Advice for black entrepreneurs and business-owners?

Work together. Collective work and responsibility and cooperative economics are the real way to grow our businesses. We look at multinationals or listen to success stories of people of other races, and think it is going to apply to us. Like we are welcome at either of those tables, and we aren’t. We need to create our own table, our own thriving economy. There is enough money, talent, capability and most importantly, market to support our community’s growth. Look at what China has managed to do in the past decade creating 1.6 millionaires in 2016 from 180,000 in 2006 (Source: Deutsche Wells) by supporting their businesses, not allowing interference, and exporting to their big corporations over the past few decades.

I can’t say it enough, let’s support and collaborate with each other and have some patience while doing it. We aren’t going to get it right the first time. Don’t give up and go back to patroning other communities, find someone else – we have the talent and capability. We need everyone in this movement. If we do this, then there’s more money in the community, more money in the community means we can invest in another business, which means we will hire more black people, and eventually the average black person will rise above the poverty line.

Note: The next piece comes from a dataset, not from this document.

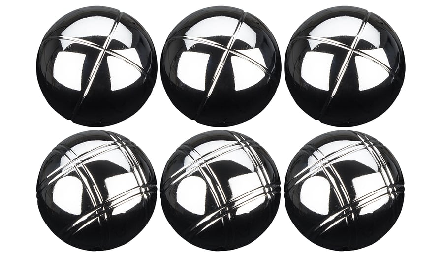 | Produktinformationen | • verchromte Stahlkugeln, Durchmesser 73 mm • But aus Holz, Durchmesser 28 mm • Gewicht Stahlkugel ca. 720 Gramm • 2 verschiedene Riffelungen • Magnet mit Polyamid Schnur, Länge 95 cm • Polyester Etui |

Sacrifice. Socialise with purpose and intention. We have been very busy distracted with “living our best lives” that we are spending money in the wrong places most especially on alcohol, clothes and cars instead of at progressive, networking events. Your network is your net-worth, this is not a drill! And if you must spend, spend it at a black establishment. We’ve fallen prey to it, I have too! It’s fun but it’s a distraction. For most, there isn’t inter-generational wealth to fall back on to support or white privilege that will promote you because you have things in common with your executives. We as this generation have a responsibility to get our community out of this economic rut, and we all have a part to play and no role is too big or too small, it all counts.


What’s next for Aisha?

I have so many ideas but for now my focus is Katika. This is the catalyst for change, and there’s so much more we want to do with it especially around education and emancipation of the mind. We are beginning to plan for an African Economic Summit for December 2020. What has been previously done is out of reach or doesn’t include the average person. It’s about dignitaries, which is important, but I think that’s been the mistake thus far – this is a grassroot movement, it must include the consumers and the SMMEs.

Corporate Quickie


If I had an extra R1 000 000 I would… spend most of it on a conscious, marketing campaign to create brand awareness but also begin the journey of resocialisation. It’s time to push buttons and make everyone uncomfortable with the status quo. Black is beautiful. Black is capable. Black is talented. Time to expose people to their history and the great philosophers, doctors and historians.

I am dying to meet? How can I choose, they are so many people who have
positively impacted and influenced my mind and spirit from President Paul Kagame and the Obamas to Beyoncé and Ta-nehesi Coates. But honestly, I’d love to meet AOC – Alexandria Ocasio-Cortez. She is a force of nature and disrupting the entire establishment and I love it. She gives me so much life and energy to carry on. In an African context, Strive Masiyiwa. I saw him speak at the African Union in Addis and I was floored by his vision and work as a businessman, philanthropist, though tleader and African-enthusiast.

Biggest money mistake? Buying too high per square meter on my condo while accepting the bank’s high flexible interest rate just all in the interest of owning property because that’s what I was told is success at 30.

Best investment? Katika because of both the financial, mental and emotional reward that comes with it.